Colorado State University Chancellor Joe Blake, President Tony Frank Inaugurated on Historic Oval

Note to Reporters: Downloadable audio, photos and biographies of Joe Blake and Tony Frank will be available at http://www.colostate.edu/ by 3 p.m. Thursday.

The Colorado State University community today celebrated the inauguration of Joe Blake as the first sole chancellor of the CSU System and Tony Frank as the 14th president of the university. The two were officially installed by the Board of Governors on the historic Oval before a crowd of hundreds of faculty, staff, students, alumni and friends.

Blake and Frank asked to forgo the type of elaborate inaugural festivities typically held by universities in favor of blending the ceremony into an existing campus event.

“Our ceremony today is about leadership.
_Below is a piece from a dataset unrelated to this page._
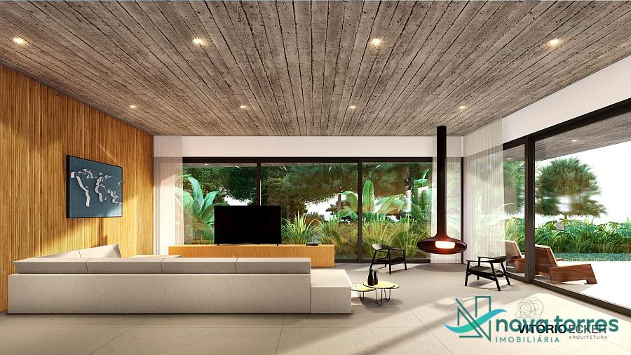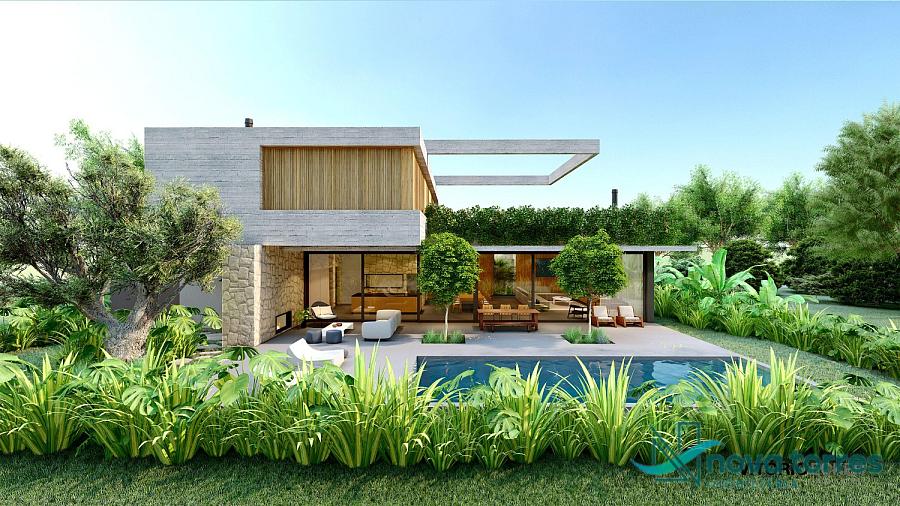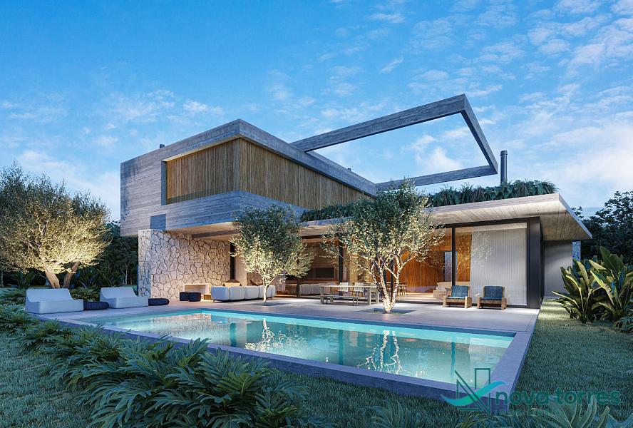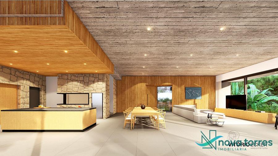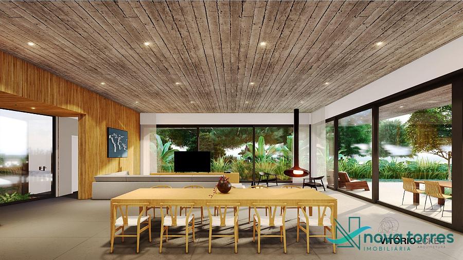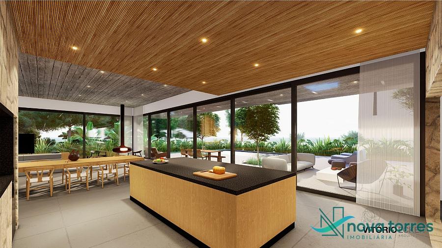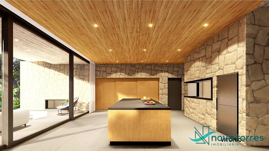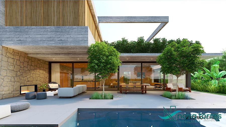 Casa contará com 604,0m² de área útil, contemplando 5 amplas suítes, sendo 1 master, 3 lavabos de uso social, sala de estar, sala de jantar, área gourmet, cozinha, área de serviço separada, estar externo com piscina e ampla varanda, pátio de serviço com entrada de serviço.

These two men were chosen at the most critical time in the history of higher education in the country,” said Patrick McConathy, board chair. “This is an opportunity to lift our vision, summon our hopes, strengthen our resolve, and renew our belief that the best days of CSU are ahead.”

In his inaugural speech, Blake called the day the beginning of something new in the life of Colorado State University.
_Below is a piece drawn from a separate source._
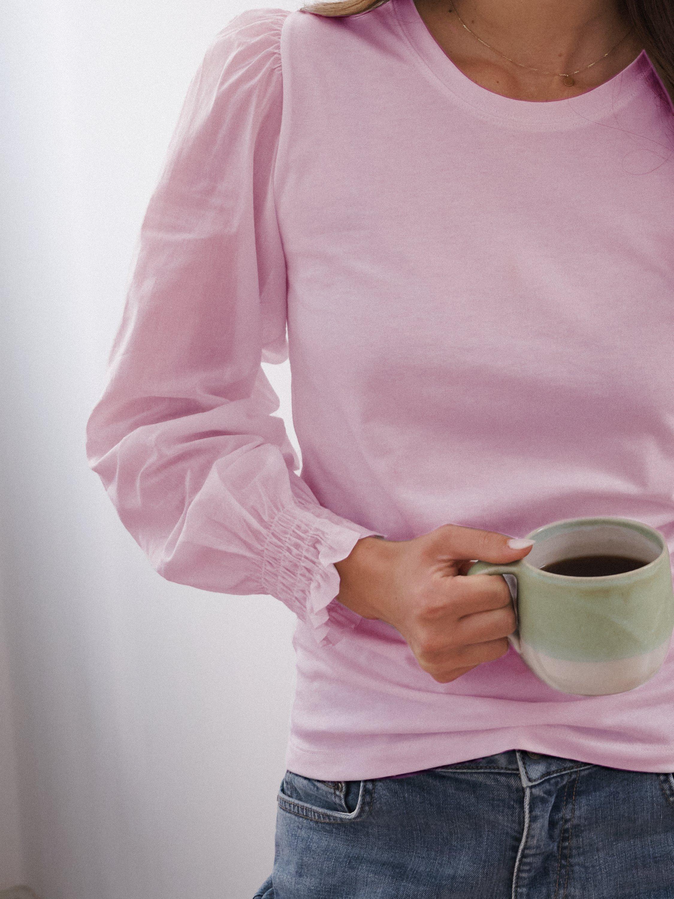 Crafted with 100% cotton, this classic t-shirt body with long cotton sleeves and delicate shirred cuffs will be a new wardrobe staple. This t-shirt will be your perfect piece whether underneath a tank, or solo.

“A university’s vitality depends on interplay between the old and the new, between tradition and change,” Blake said. “We have the power to envision excellence in all we do and want for CSU, to create the finest learning experience for every student and to fulfill the promises we make to each other.”

In his address, Frank noted the challenges facing the institution compared with those of his predecessors and world leaders and called for a return to the fundamentals of ensuring a high-quality educational environment.
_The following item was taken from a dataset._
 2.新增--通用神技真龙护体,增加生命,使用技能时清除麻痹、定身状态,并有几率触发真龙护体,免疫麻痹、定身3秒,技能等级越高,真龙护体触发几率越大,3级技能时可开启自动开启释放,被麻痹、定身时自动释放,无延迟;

“Consider the challenges faced by Lincoln, confronted with a civil war and a devastated economy,” Frank said. “Or the obstacles faced in 1870 by the first black person in America allowed to cast a vote – the same year our trustees were trying to build a college with no budget and very little legislative support. Think over the challenges faced by the average citizen in the first decade of the 20th century, who made $13 for working a 60 hour week while not expecting to live past the age of 47.

“For my administration, the fundamentals mean we must foster the environment needed for our faculty and our students to attain their potential,” Frank said. “The university’s support infrastructure – from the people who care for this beautiful setting, to those who will cook our food, to everyone who interacts with a visitor to our campus, to the President – has a single role: to enable our faculty who strive to transform our world and to support the education of the students who entrust their passion and their futures to our care.”

The Board of Governors separated the chancellor from the president role and named Blake as the university system’s first sole chancellor on July 1, 2009. Blake previously served as president and chief executive officer of the Denver Metro Chamber of Commerce for the past 10 years. The Board this summer named Frank, a 16-year veteran of the university, as president; he had previously served as provost and senior executive vice president.